## Work instruction
Shown below are entries with pictures; the line with "Rafaella 100% Lambswool" through the line with "脫氮床床體,其由外墻體包圍并" is the span to retype exactly, and the pictures stay out.

*** Data records ***

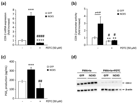 NF-κB is a relevant transcription factor that participates in ROS-mediated COX-2 upregulation [15,16,17]. Therefore, we studied whether it could play a crucial role in NOX5-mediated COX-2 upregulation. As shown in Figure 6a, the specific blockage of NF-κB by the PDTC inhibitor completely prevented the upregulated COX-2 mRNA levels found in NOX5-β-infected cells. Similar results were found when studying COX-2 promoter transcriptional activity (Figure 6b). Cells infected with NOX5-β enhanced its transcriptional activity, which is an effect that disappeared in the presence of PDTC. GFP-infected cells also suffered from a reduction in transcriptional activity in the presence of PDTC. Finally, the blockage of NF-κB with PDTC also prevented the increased PGE2 levels found in NOX5-β-infected cells (Figure 6c). In an additional experiment, we found that the exposure of NOX5-β- and GFP-infected cells to the pharmacological stimulus (PMA+Io) dramatically enhanced COX-2 protein expression (Figure 6d). This effect was even more intense in NOX5-β-infected cells than in GFP cells. Interestingly, this effect was softened in both groups when NF-κB was inhibited, supporting a key role for this transcription factor in COX-2 upregulation induced by NOX5-dependent ROS production.
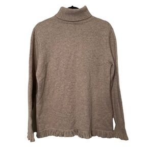 Rafaella 100% Lambswool Turtleneck Sweater Size M Fringes Neutral Western Boho
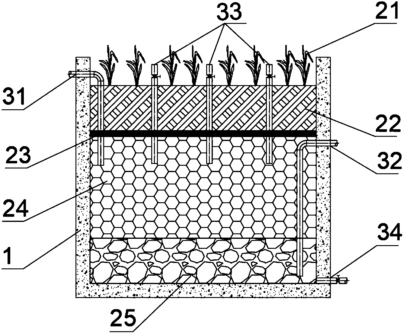 脫氮床床體,其由外墻體包圍并位于中空方體中,脫氮床床體從上到下依次分布為草皮層、土壤層、碳源層和礫石層;
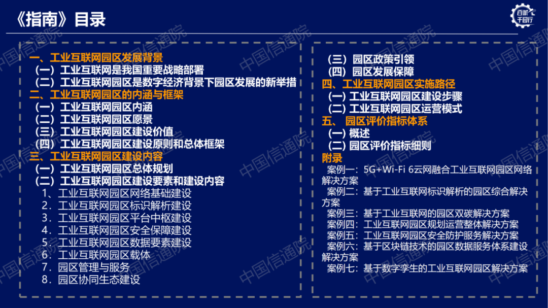 中國信通院總工程師敖立對指南(2.0版本)進行了詳細解讀。他指出指南(2.0版本)整體包括發展背景、內涵框架、建設內容、實施路徑和評價指標五個部分。圍繞數字經濟、綠色低碳、中小企業特色產業集群等最新相關政策,更新了工業互聯網園區的最新發展背景、內涵與框架,細化了標識、數據等園區建設內容,增加了線上線下一體化的園區新運營模式總結,并相應的對評價指標體系進行了優化調整。同時,結合工業互聯網園區近幾年的發展態勢,節選部分優秀案例,以饗讀者。
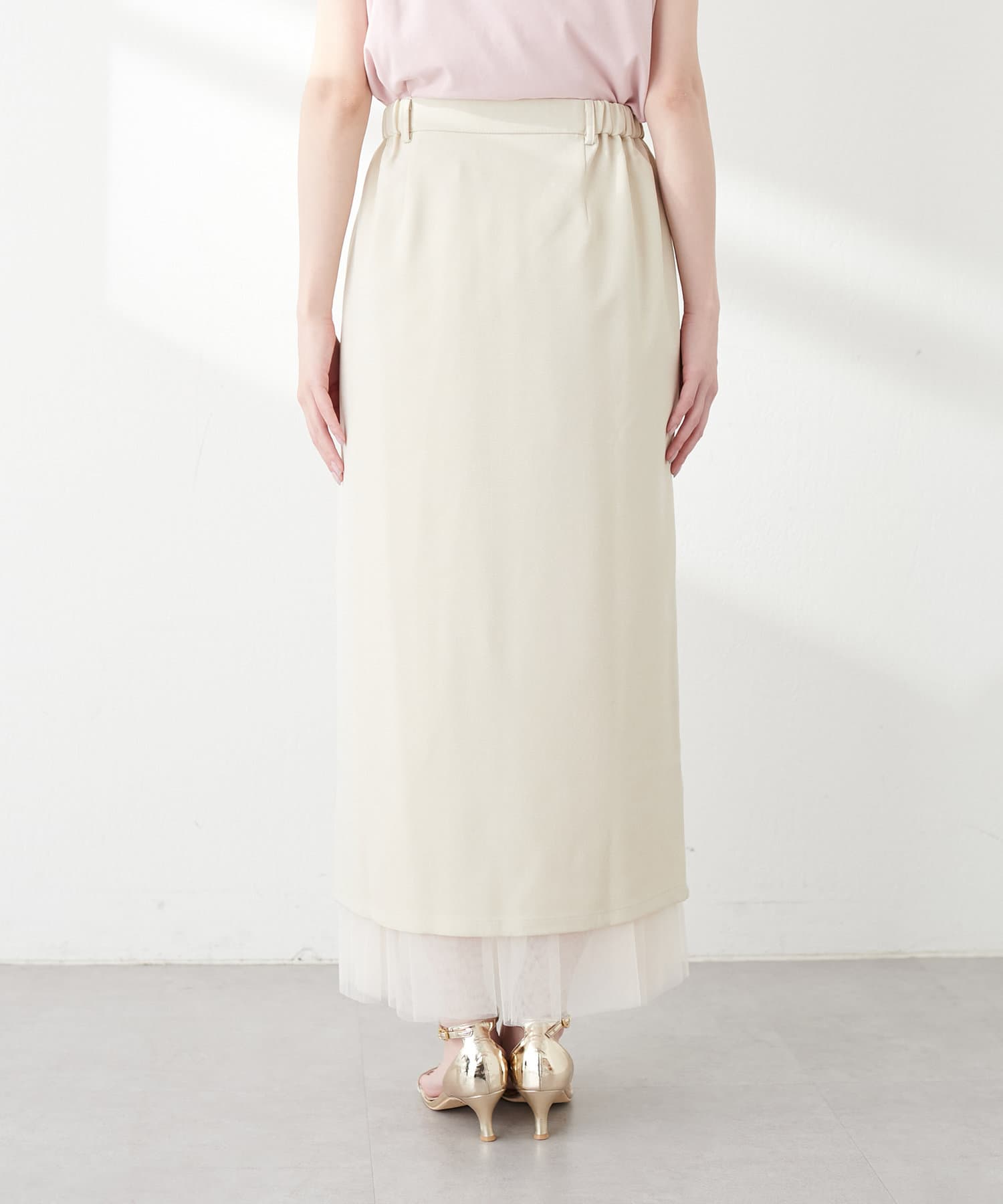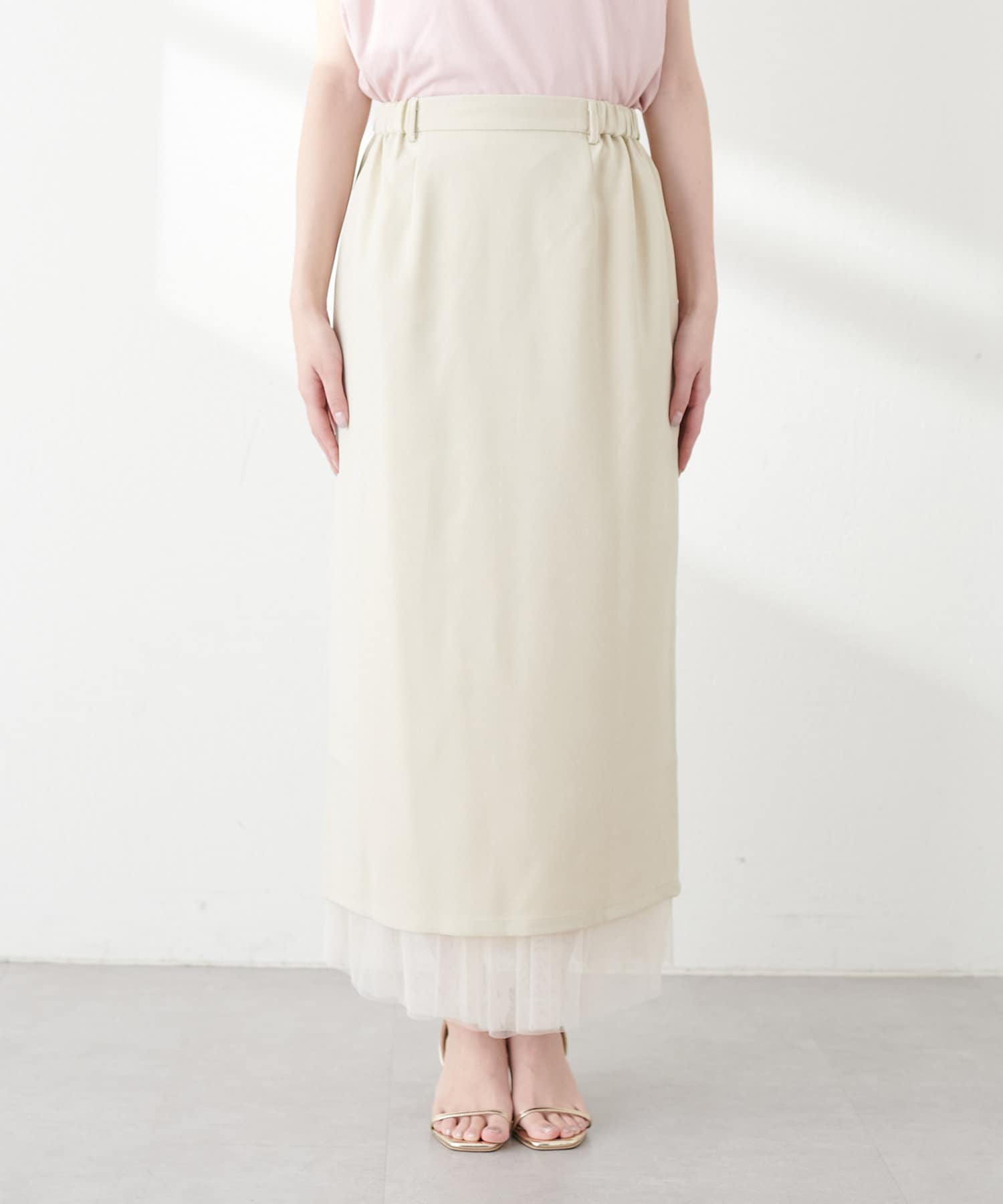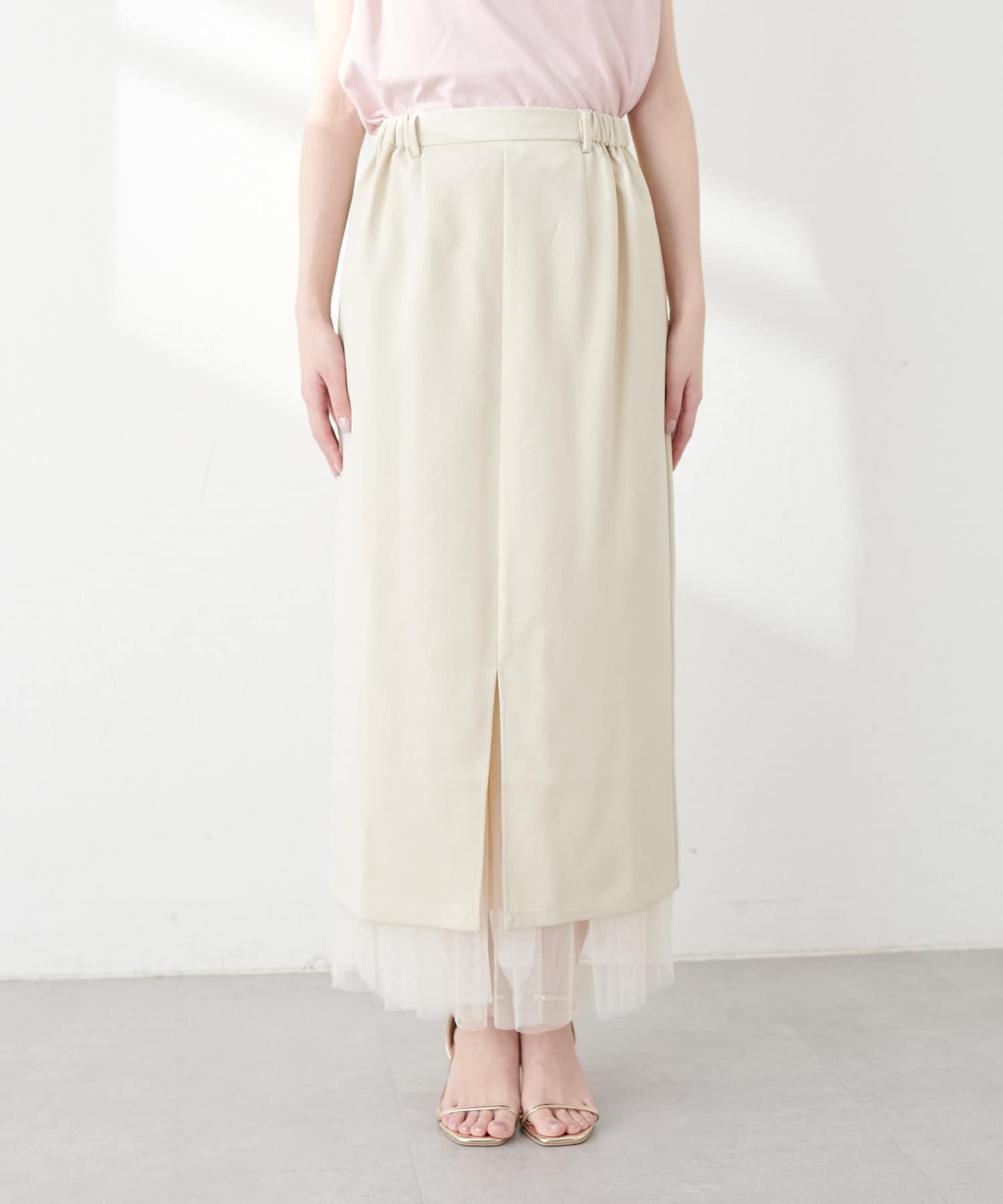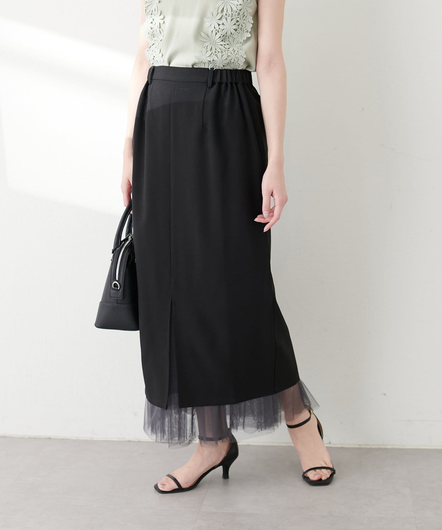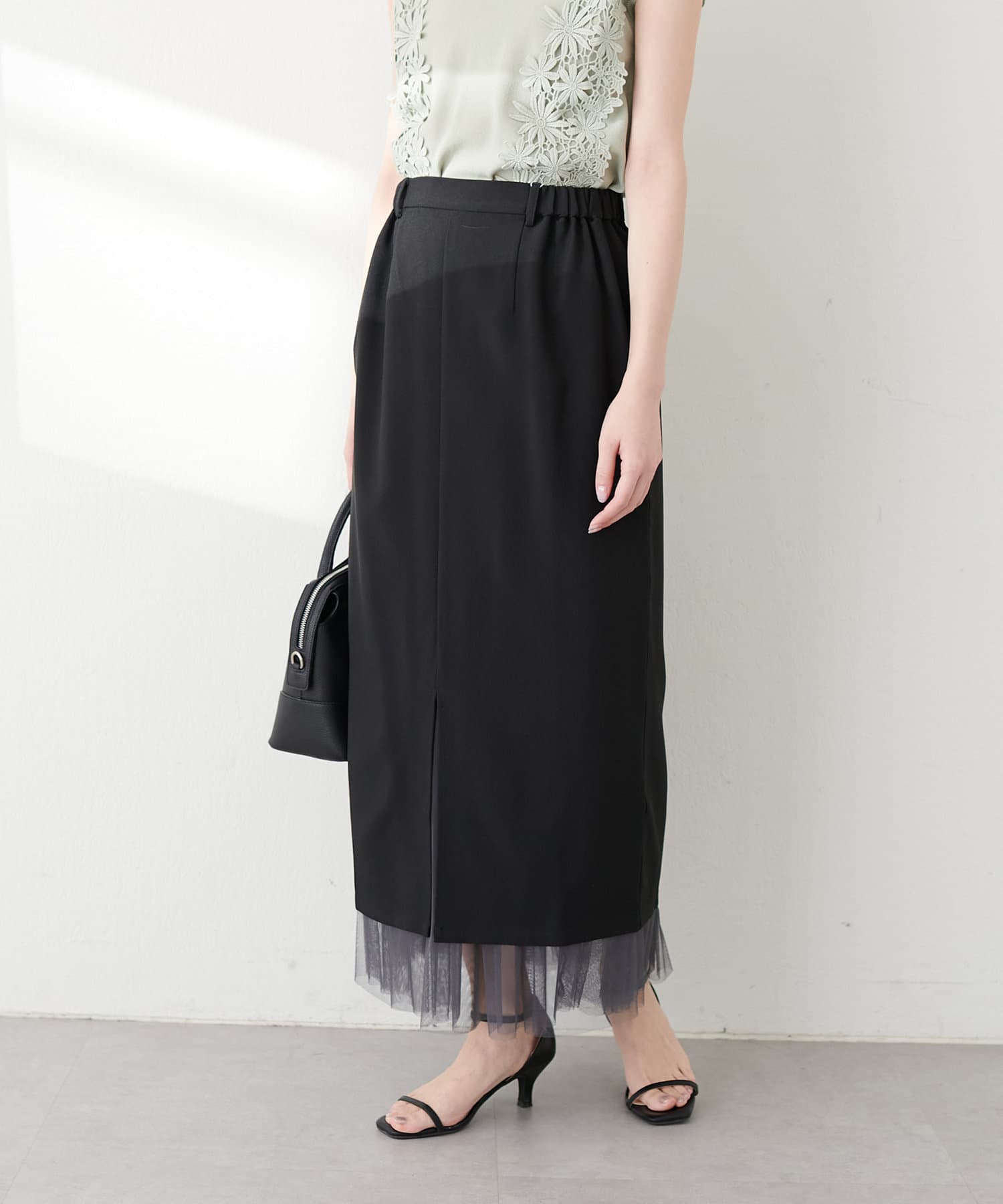 さらりとした肌触りで品の良いナロースカートと、柔らかなチュールをふんだんに使用したスカートのセットアイテム。

*** End of Data records ***

## The completed task
 Rafaella 100% Lambswool Turtleneck Sweater Size M Fringes Neutral Western Boho
 脫氮床床體,其由外墻體包圍并位于中空方體中,脫氮床床體從上到下依次分布為草皮層、土壤層、碳源層和礫石層;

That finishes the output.